Losses are believed to be appalling. Altogether some 40,000 of Wagner Group’s estimated 50,000 members are convicts, and of the first batch of 500 prisoners sent to the front line in July, only two are believed to be still alive. “It seems as though Prigozhin is willing to throw Russian bodies into the meat grinder”, said Kirby last week. “About 1,000 Wagner fighters have been killed in recent weeks, and we believe that 90 percent of those were convicts.” This, of course, is of no concern to Prigozhin, who is simply providing cannon fodder for his friend Vladimir Putin.
Following years of denial, Prigozhin final stepped out of the shadows only in September, following the release of that video on social media showing him personally recruiting Russian prisoners to fight in Ukraine. He revealed for the first time that he owned Wagner Group, which in early November opened its official headquarters in St Petersburg. He also publically bragged about the influence of his IRA ‘troll factory’ which had interfered in the US midterm elections. The IRA had been implicated in a conspiracy to interfere in the 2016 US presidential elections, which brought Donald Trump to power. As a result, last year the FBI put Prigozhin on its most-wanted list.
Whether Prigozhin can turn his rising star into a political career is an open question. His criticism of the way the war on Ukraine is being waged has struck a chord in Russian nationalist and military-security circles, and there is little doubt that he expects to be rewarded. He is establishing himself as a political force, using the popular status of Wagner and the IRA to critique his opponents within elite circles and institutionalise his authority.
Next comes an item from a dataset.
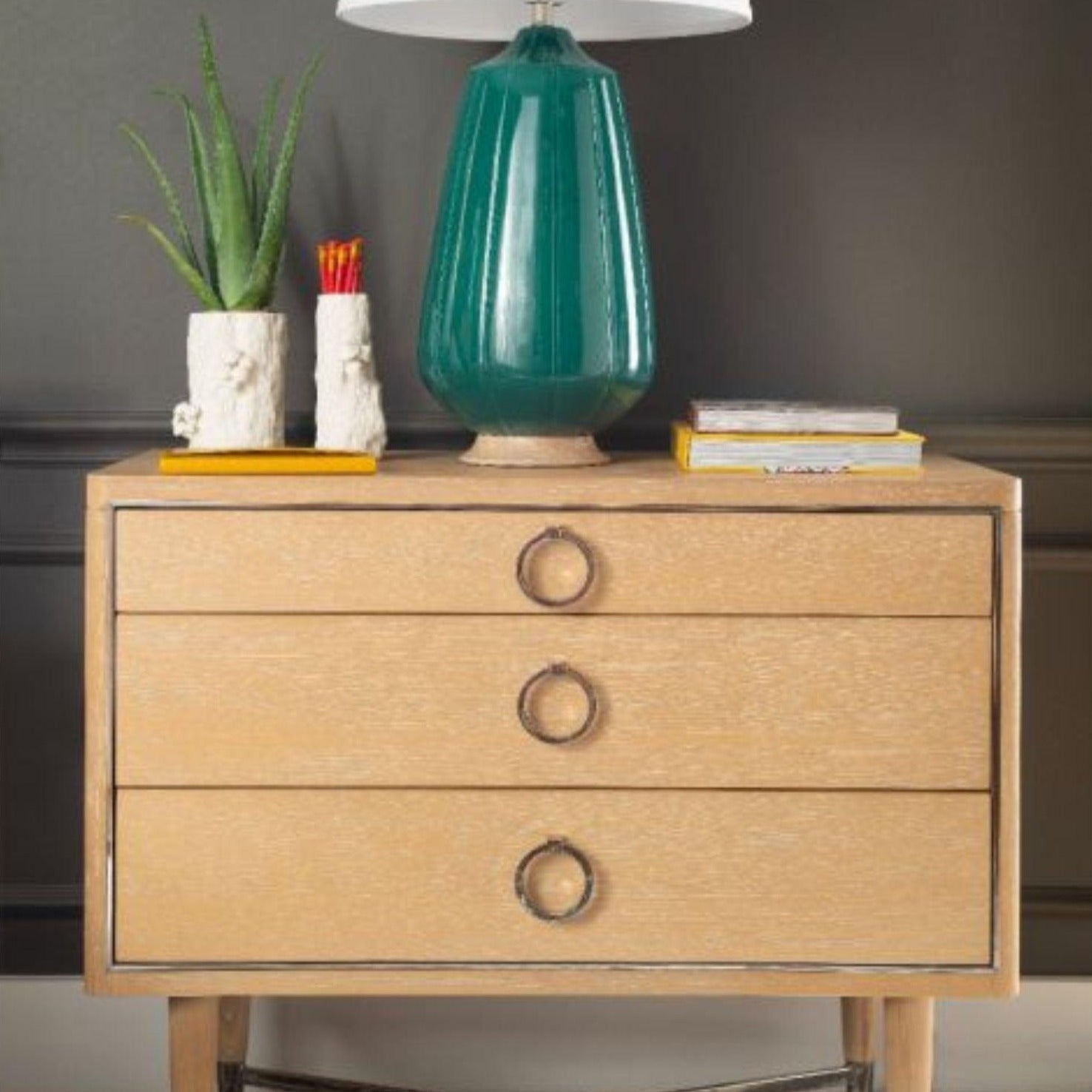 - Glazed Ceramic & Cerused Oak Base

Like most aspiring politicians he plays down any ambition. “I do not strive for popularity”, he was quoted as saying recently. “My task is to fulfil my duty to the motherland, and today I do not plan to found any political parties, let alone go into politics.” A sure sign he intends to.
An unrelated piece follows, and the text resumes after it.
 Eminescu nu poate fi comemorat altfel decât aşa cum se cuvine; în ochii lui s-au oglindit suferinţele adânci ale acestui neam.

The final word can be given to Andrei Kolesnikov, an expert on Russian politics and senior fellow at the Washington-based Carnegie Endowment for International Peace: “In terms of his influence, at least in the public space, Prigozhin is beginning to resemble Rasputin at the court of Nicholas II. Naturally, many are now thinking about whether this person is, say, the next presidential candidate or the figure who can enter the highest spheres of politics.”
Unless Prigozhin suffers the fate of Rasputin, which would please many of his enemies, the rise and rise of Putin’s Chef looks unstoppable.
John Dobson is a former British diplomat, who also worked in UK Prime Minister John Major’s office between 1995 and 1998. He is currently Visiting Fellow at the University of Plymouth.